Source data>
——————
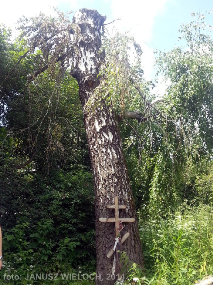 Obraz jest przygnębiający: pod drzewem kilka wypalonych zniczy, wiązanka sztucznych
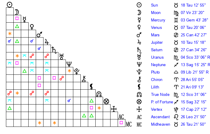 | Sun | 18 Taurus 12 | 18 Taurus 21 | 5 Cancer 11 |
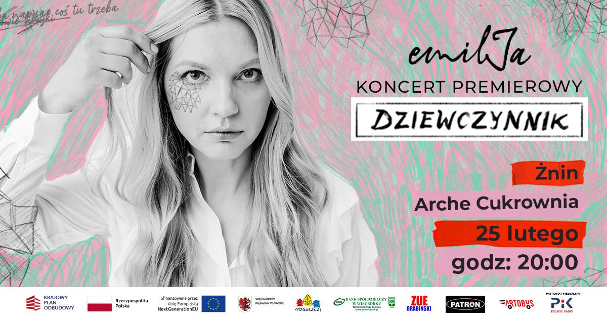 Zapraszamy na premierowy koncert emilJa – „DZIEWCZYNNIK”, który odbędzie się 25 lutego o godzinie 20:00 w wyjątkowej przestrzeni Cukrowni Arche w Żninie.
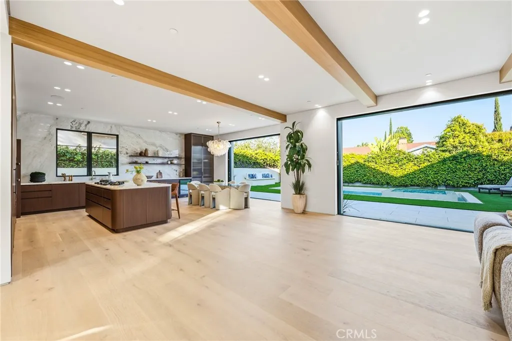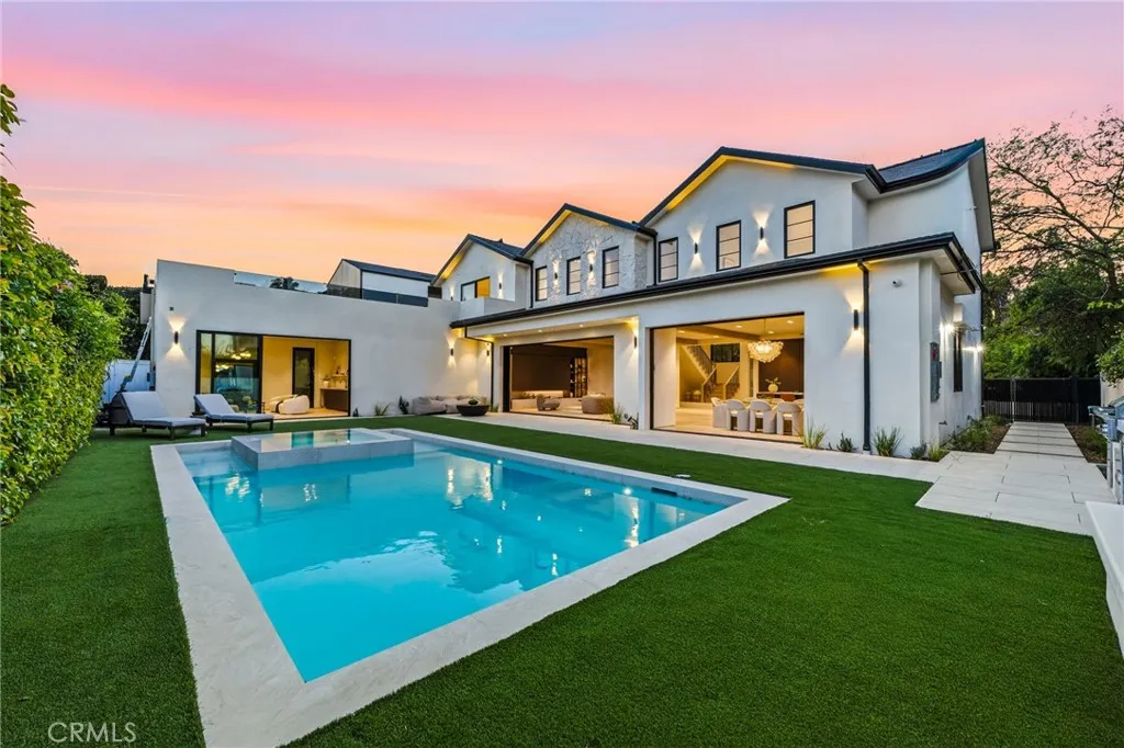 Welcome to a stunning newly constructed estate in the highly sought-after Hesby Oaks neighborhood of Encino, where modern luxury and thoughtful design come together to create the ultimate California lifestyle. This exceptional residence offers 6 spacious bedrooms plus a private movie theater, delivering an ideal layout for both everyday comfort and elevated entertaining. Upon entry, soaring ceilings, wide-plank hardwood floors, and expansive walls of glass greet you, flooding the home with natural light while creating seamless indoor-outdoor flow. The open-concept living spaces lead into a designer chefs kitchen featuring top-of-the-line appliances, custom cabinetry, an oversized center island, and a hidden walk-in pantry that adds both functionality and a sleek, refined aesthetic. Pocket sliding doors open effortlessly from the main living areas, creating a seamless transition to the backyard and enhancing the homes indoor-outdoor lifestyle. The thoughtfully designed floor plan includes generously sized bedrooms, and a luxurious primary suite retreat complete with a spa-inspired bathroom and an expansive walk-in closet. Step outside to an entertainers dream backyard, featuring a sparkling pool with an elevated spa, spacious lounging areas, and a fully equipped outdoor kitchen perfect for hosting and dining al fresco. Situated on a gated property along a quiet, tree-lined street in the coveted Hesby Oaks neighborhood, the home offers both privacy and tranquility while remaining just moments from Ventura Boulevards premier shopping, dining, and entertainment. A rare opportun
——————
Task item> Write every line of the data out again exactly, leaving out all images.

Output of the exercise>
 Obraz jest przygnębiający: pod drzewem kilka wypalonych zniczy, wiązanka sztucznych
 | Sun | 18 Taurus 12 | 18 Taurus 21 | 5 Cancer 11 |
 Zapraszamy na premierowy koncert emilJa – „DZIEWCZYNNIK”, który odbędzie się 25 lutego o godzinie 20:00 w wyjątkowej przestrzeni Cukrowni Arche w Żninie.
 Welcome to a stunning newly constructed estate in the highly sought-after Hesby Oaks neighborhood of Encino, where modern luxury and thoughtful design come together to create the ultimate California lifestyle. This exceptional residence offers 6 spacious bedrooms plus a private movie theater, delivering an ideal layout for both everyday comfort and elevated entertaining. Upon entry, soaring ceilings, wide-plank hardwood floors, and expansive walls of glass greet you, flooding the home with natural light while creating seamless indoor-outdoor flow. The open-concept living spaces lead into a designer chefs kitchen featuring top-of-the-line appliances, custom cabinetry, an oversized center island, and a hidden walk-in pantry that adds both functionality and a sleek, refined aesthetic. Pocket sliding doors open effortlessly from the main living areas, creating a seamless transition to the backyard and enhancing the homes indoor-outdoor lifestyle. The thoughtfully designed floor plan includes generously sized bedrooms, and a luxurious primary suite retreat complete with a spa-inspired bathroom and an expansive walk-in closet. Step outside to an entertainers dream backyard, featuring a sparkling pool with an elevated spa, spacious lounging areas, and a fully equipped outdoor kitchen perfect for hosting and dining al fresco. Situated on a gated property along a quiet, tree-lined street in the coveted Hesby Oaks neighborhood, the home offers both privacy and tranquility while remaining just moments from Ventura Boulevards premier shopping, dining, and entertainment. A rare opportun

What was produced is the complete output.